* [WHAT IS REQUIRED]: Only the stretch below from the line holding "พร้อมแขนสั้น ป้องกันรังสียูวี พร้อมโลโก้และชื่อทีมตามสั่ง" through the line holding "按照南方财富网概念查询工具统" should be restated, word for word and with both ends included; pictures stay out.

* [RECORDS FOR THE EXERCISE]:
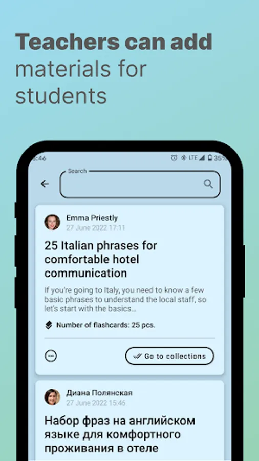 - If you are a teacher. Create a public list of words and expressions in the app, then share the link or name of your collection with your students. Your students will be able to learn the material more effectively.
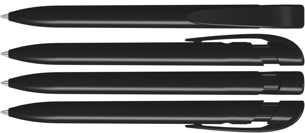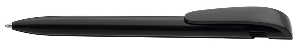 Retractable ballpoint pen with opaque glossy housing in black or white and wide curved clip button. more
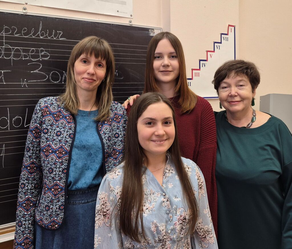 На встрече была Полина Ментий и Ярослава Венедиктова, которые в 2025 году завершили 9-летнее обучение по предпрофессиональной программе "Хоровое пение". Полина осуществила свою мечту и поступила в Российскую академию музыки имени Гнесиных в Москве на программу среднего профессионального образования по специальности "Теория музыки". А Ярослава продолжает обучение в 10 классе и планирует связать своё будущее с изучением истории, но с удовольствием творчески взаимодействует с хоровой школой, выступая в школьных спектаклях и концертах.
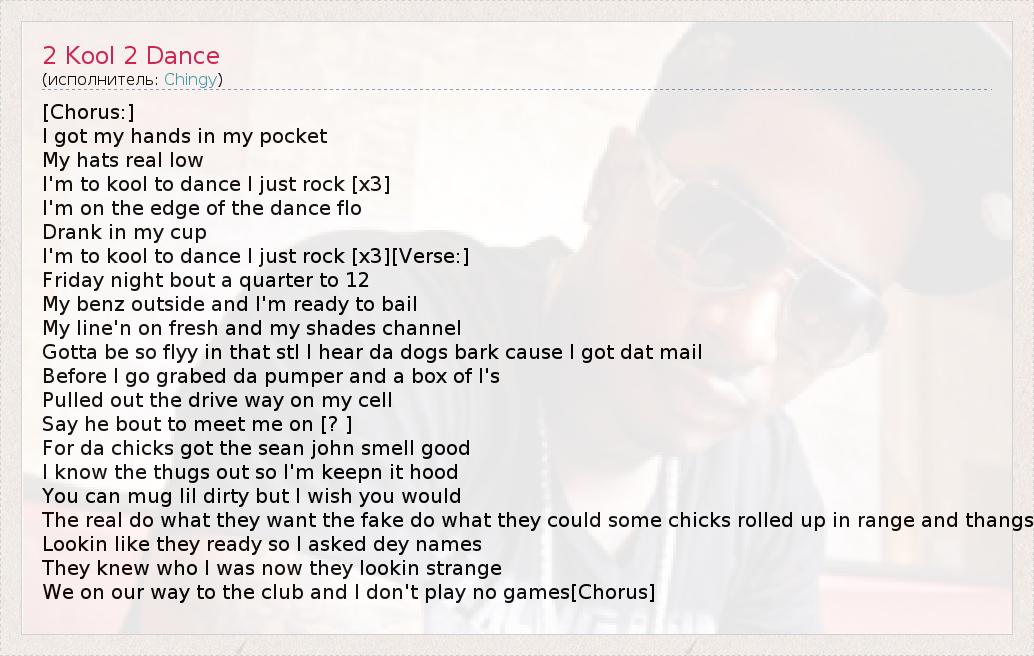 А как ты думаешь, о чем песня "2 Kool 2 Dance" ?
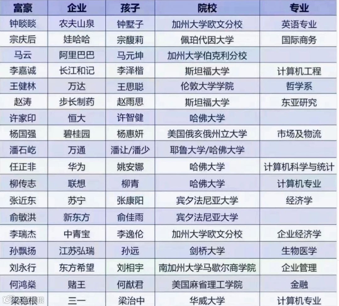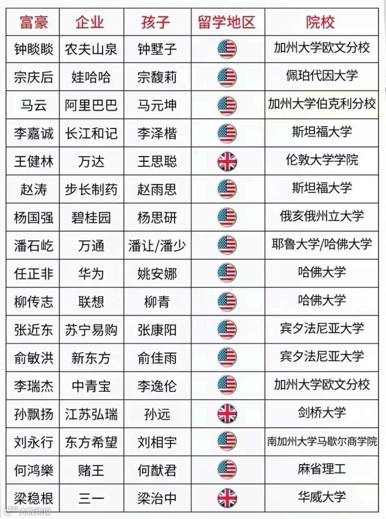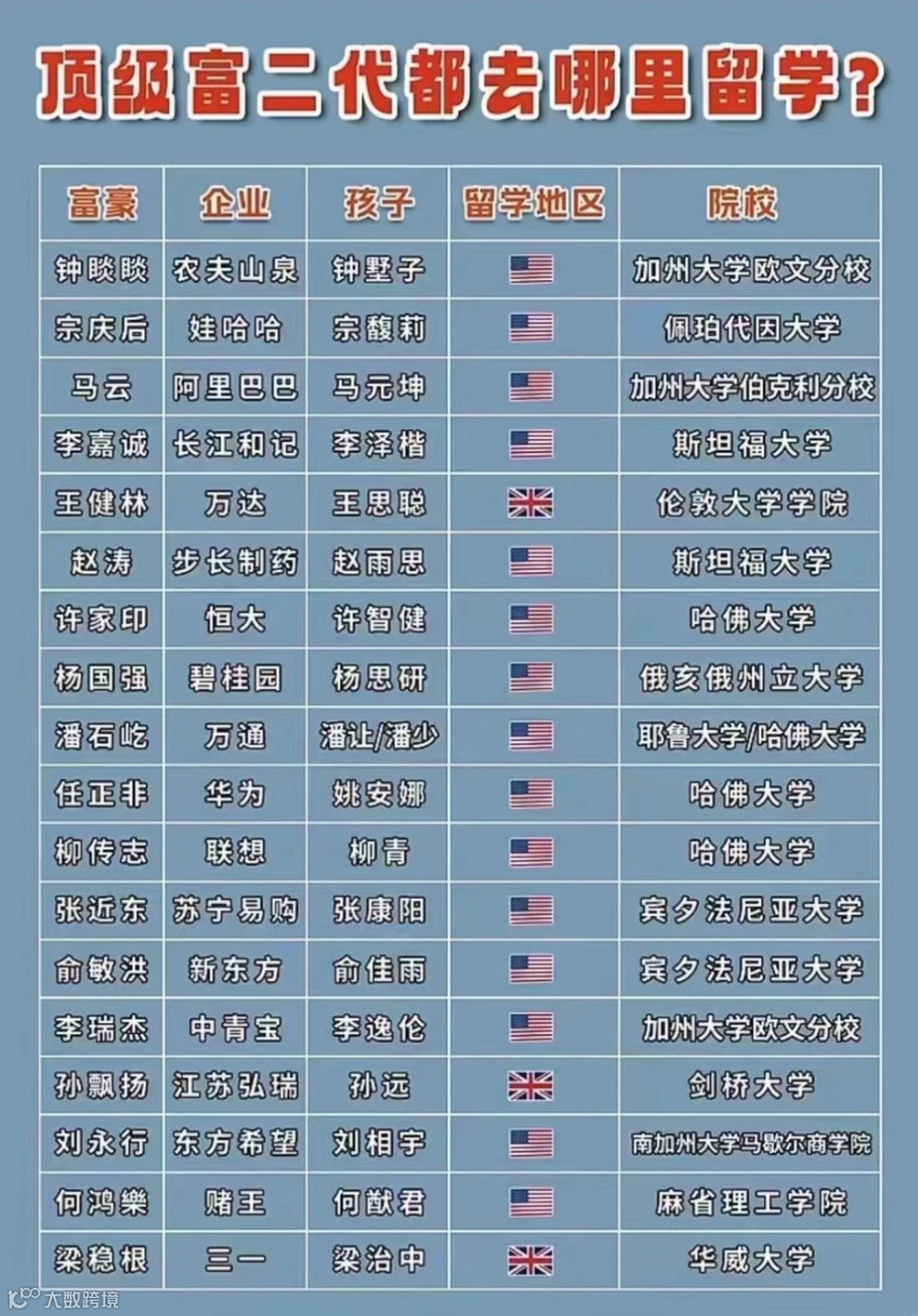 不过哈佛大学确实是其中选择比较多的,潘石屹三儿子、任正非女儿、柳传志女儿,选择的都是哈佛大学。
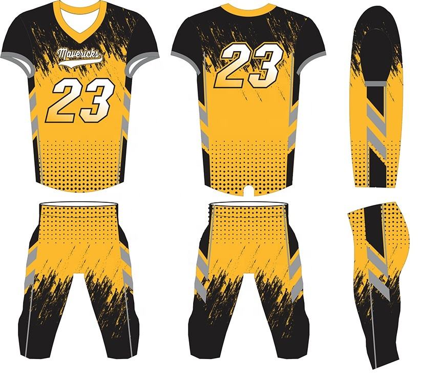 ชุดเสื้อและกางเกงฟุตบอลอเมริกันแบบสั่งทำขายส่ง พร้อมแขนสั้น ป้องกันรังสียูวี พร้อมโลโก้และชื่อทีมตามสั่ง
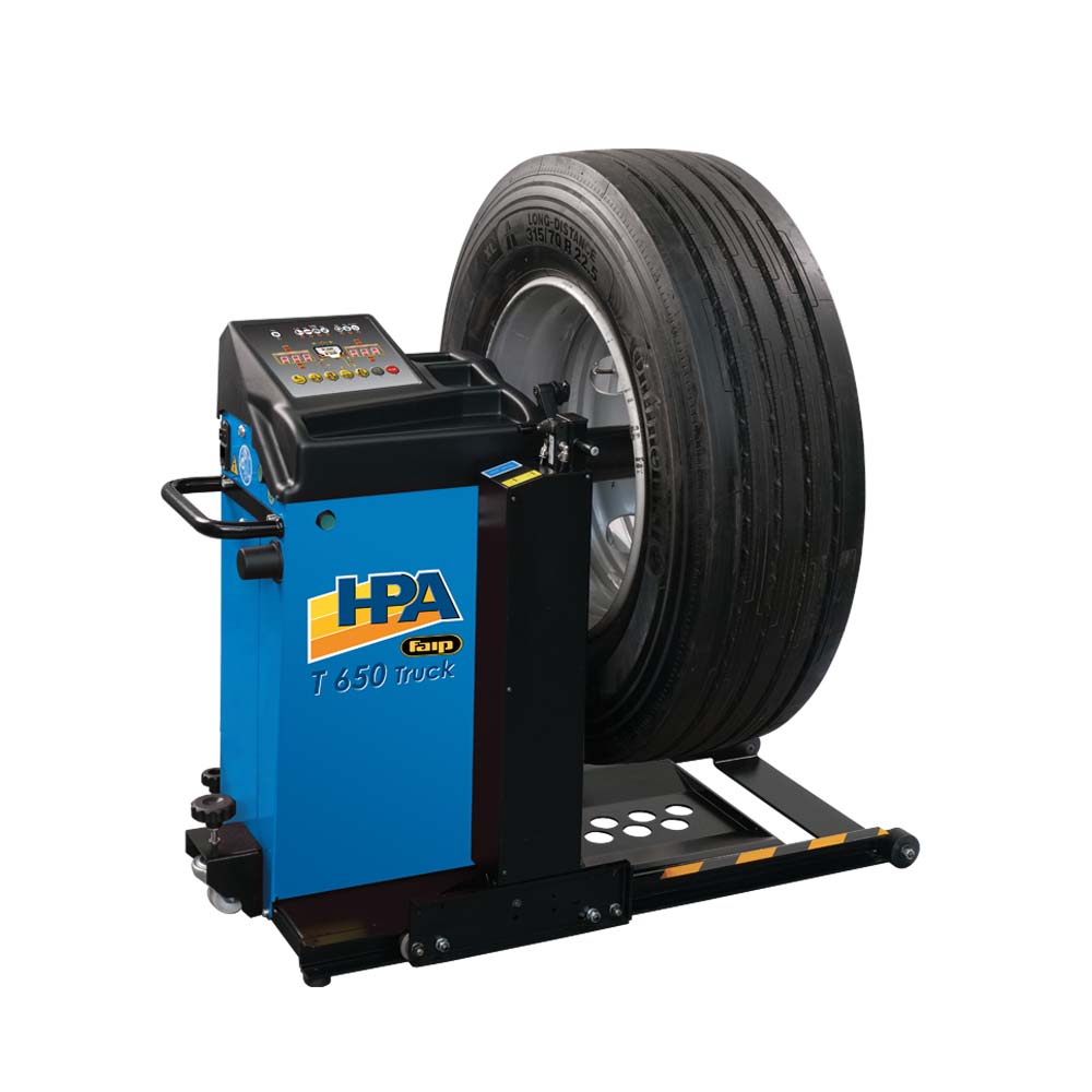 Uniwersalna, komputerowa wyważarka z napędem elektrycznym i wałkiem o średnicy 40 mm do kół samochodów ciężarowych, autobusów oraz samochodów osobowych i dostawczych z wyświetlaczem cyfrowym, wbudowaną windą pneumatyczną oraz pneumatycznym hamulcem.
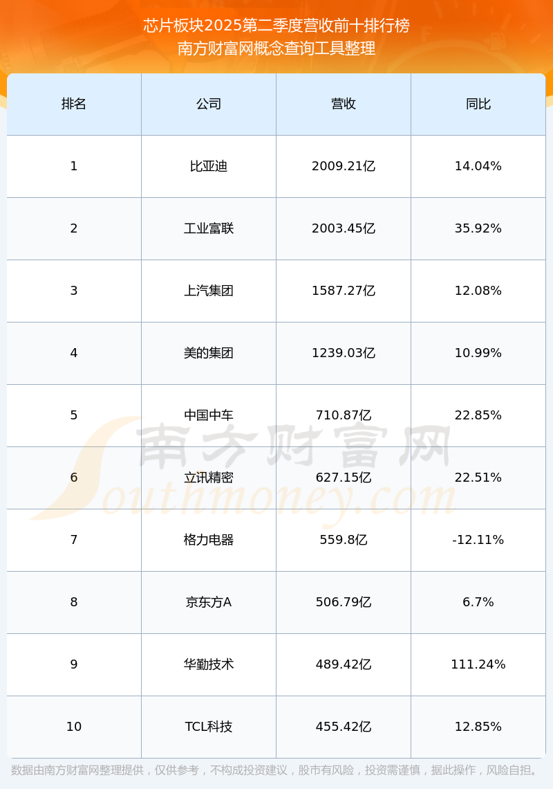 按照南方财富网概念查询工具统计,该股所属板块为芯片板块,该板块共有941只股票,龙迅股份2025第二季度营收在该板块中排名为第776名,该板块2025第二季度营收排名前十的股票如下表:
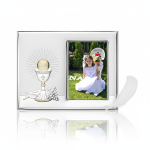 Format 10×15 cm w układzie poziomym doskonale sprawdzi się jako oprawa zdjęcia komunijnego. Ramka pięknie prezentuje się na półce, komodzie lub w domowym kąciku modlitwy. Całość zapakowana jest w eleganckie pudełko prezentowe.
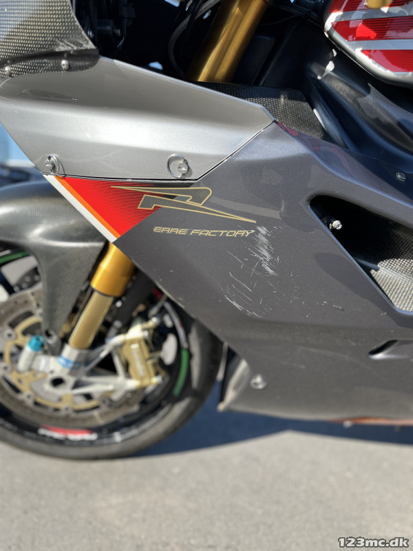 Lidt ridser på højre sideskjold fra "forfejlet håndtering" ved service hos Ducatti.
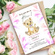 You're gonna hear me roar! First Birthday Party invitation is a cute design with lion cub and tropical pink colour leaf for baby girls
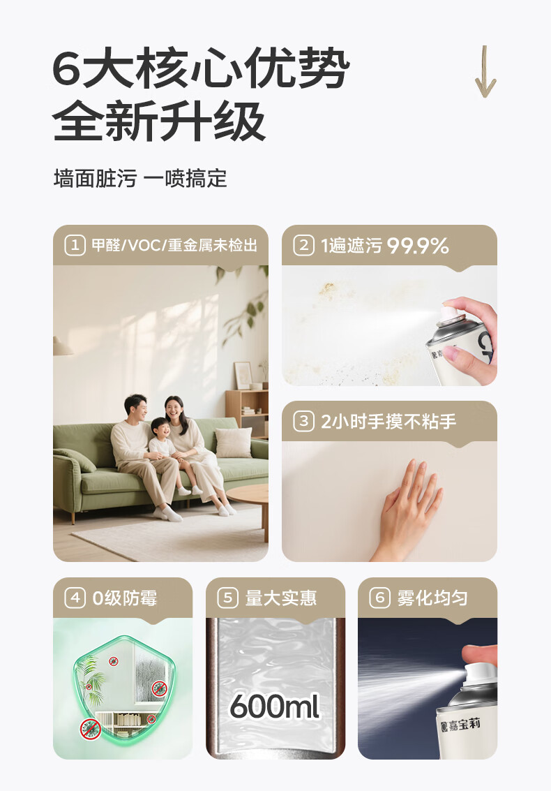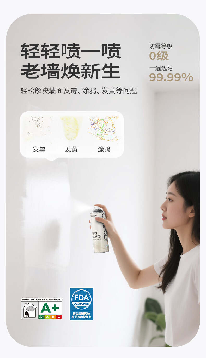 嘉宝莉墙面修复自喷漆补墙膏乳胶漆墙面修补膏白墙面去污修复神器白漆600ml

* [RESPONSE FOR THIS EXERCISE]:
 ชุดเสื้อและกางเกงฟุตบอลอเมริกันแบบสั่งทำขายส่ง พร้อมแขนสั้น ป้องกันรังสียูวี พร้อมโลโก้และชื่อทีมตามสั่ง
 Uniwersalna, komputerowa wyważarka z napędem elektrycznym i wałkiem o średnicy 40 mm do kół samochodów ciężarowych, autobusów oraz samochodów osobowych i dostawczych z wyświetlaczem cyfrowym, wbudowaną windą pneumatyczną oraz pneumatycznym hamulcem.
 按照南方财富网概念查询工具统计,该股所属板块为芯片板块,该板块共有941只股票,龙迅股份2025第二季度营收在该板块中排名为第776名,该板块2025第二季度营收排名前十的股票如下表:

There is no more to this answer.